The next step for Google Translate?
Anyone who needs a quick translation from one language to another now has a few online assists, notably Google Translate. The computerized translation is not always beautiful, but in many cases it will get the sense across.
Researchers from Dartmouth College and Indiana University were working on a project to improve such computer-generated translations when they discovered a way of translating words within a single language—from one style to another. The Dartmouth-Indiana team developed a style-translation algorithm and used 34 English language versions of the Bible to train and test the system.
Style is that elusive quality—in writing, music, art or personal conduct—that distinguishes one person from another. It’s the quality that allows a person to easily recognize that the singer whose voice is now coming across the radio airwaves is, say Neil Diamond, or Bob Dylan, or Frank Sinatra. It’s what allows a visitor to an art gallery to realize he’s currently in the hall of the French Impressionists, rather than the Cubists.
In writing, style has a lot to do with the length of sentences, the choice of vocabulary to describe things or feelings, and the turn of a phrase.
The goal of Dartmouth-Indiana’s work was “to see if we could basically use the translation framework to do some form of style translation,” said Dartmouth math and computer science professor Dan Rockmore.

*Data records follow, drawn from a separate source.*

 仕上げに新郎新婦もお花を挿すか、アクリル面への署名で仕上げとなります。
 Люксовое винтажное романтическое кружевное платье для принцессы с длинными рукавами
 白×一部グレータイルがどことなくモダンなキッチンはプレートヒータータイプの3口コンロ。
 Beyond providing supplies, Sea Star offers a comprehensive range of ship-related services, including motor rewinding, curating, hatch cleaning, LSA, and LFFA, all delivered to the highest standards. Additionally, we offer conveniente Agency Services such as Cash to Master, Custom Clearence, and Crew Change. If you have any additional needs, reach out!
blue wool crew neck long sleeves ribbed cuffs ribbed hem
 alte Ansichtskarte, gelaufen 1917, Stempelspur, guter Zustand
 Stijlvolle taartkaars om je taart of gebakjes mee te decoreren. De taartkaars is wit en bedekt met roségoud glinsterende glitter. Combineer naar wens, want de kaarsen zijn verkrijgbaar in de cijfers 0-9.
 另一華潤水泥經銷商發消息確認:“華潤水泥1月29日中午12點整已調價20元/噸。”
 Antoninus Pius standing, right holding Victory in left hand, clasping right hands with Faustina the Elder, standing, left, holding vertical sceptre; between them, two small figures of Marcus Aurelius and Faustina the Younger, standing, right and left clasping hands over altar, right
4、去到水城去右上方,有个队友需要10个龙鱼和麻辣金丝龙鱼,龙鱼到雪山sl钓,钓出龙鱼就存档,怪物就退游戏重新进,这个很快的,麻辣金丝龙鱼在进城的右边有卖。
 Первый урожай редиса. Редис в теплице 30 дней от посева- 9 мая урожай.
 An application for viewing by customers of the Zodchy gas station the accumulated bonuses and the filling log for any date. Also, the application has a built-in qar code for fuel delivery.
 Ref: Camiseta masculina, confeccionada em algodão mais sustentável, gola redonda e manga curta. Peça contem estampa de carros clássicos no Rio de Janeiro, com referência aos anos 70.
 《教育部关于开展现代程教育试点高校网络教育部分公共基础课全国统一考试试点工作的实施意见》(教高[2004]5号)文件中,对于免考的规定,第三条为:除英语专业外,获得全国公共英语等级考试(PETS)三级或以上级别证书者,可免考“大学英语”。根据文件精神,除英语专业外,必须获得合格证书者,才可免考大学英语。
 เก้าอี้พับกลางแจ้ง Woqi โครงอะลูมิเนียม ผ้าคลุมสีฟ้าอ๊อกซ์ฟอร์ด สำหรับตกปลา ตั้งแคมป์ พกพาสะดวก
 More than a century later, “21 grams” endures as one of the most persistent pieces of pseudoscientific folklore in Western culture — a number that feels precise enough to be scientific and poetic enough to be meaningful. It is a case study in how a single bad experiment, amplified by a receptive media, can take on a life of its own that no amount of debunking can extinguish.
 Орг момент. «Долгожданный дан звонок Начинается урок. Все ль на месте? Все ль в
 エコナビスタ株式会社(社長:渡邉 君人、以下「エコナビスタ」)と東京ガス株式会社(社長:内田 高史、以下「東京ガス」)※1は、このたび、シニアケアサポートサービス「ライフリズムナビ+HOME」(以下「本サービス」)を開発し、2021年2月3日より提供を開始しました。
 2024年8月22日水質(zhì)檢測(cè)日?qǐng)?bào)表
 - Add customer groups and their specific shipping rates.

The researchers chose the Bible for the study because it is perhaps the most annotated and indexed literary text in existence, wrote Joel Shurkin at Inside Science:
It comprises 31,000 verses and enabled the construction of 1.5 million unique pairings of words from one version with words from other versions, which provided data needed for training the system. For instance, Genesis 1:1 in one Bible translation matches Gen. 1:1 in all the others. However, using the Bible as the texts—or corpus—with which to train and test the system may be a weakness in the study, said Shlomo Argamon, a forensic linguist and computer scientist at the Illinois Institute of Technology in Chicago. It has multiple styles, sometimes within one book. “You have the prophetic books, some of which are full of very high poetry, and stories about marrying prostitutes. You have Proverbs, which itself has multiple styles,” he said.
The texts were fed into two algorithms—a statistical machine translation system called “Moses” and a neural network framework commonly used in machine translation, “Seq2Seq,” Dartmouth explained in a press release.
Possible applications of these algorithms include rendering texts readable that normally are not, like a program that translates a legal document into lay language or makes a work of English literature understandable to someone who is learning English as a second language or is too young to understand many of the words, Shurkin suggested.
The research is published in the journal Royal Society Open Science.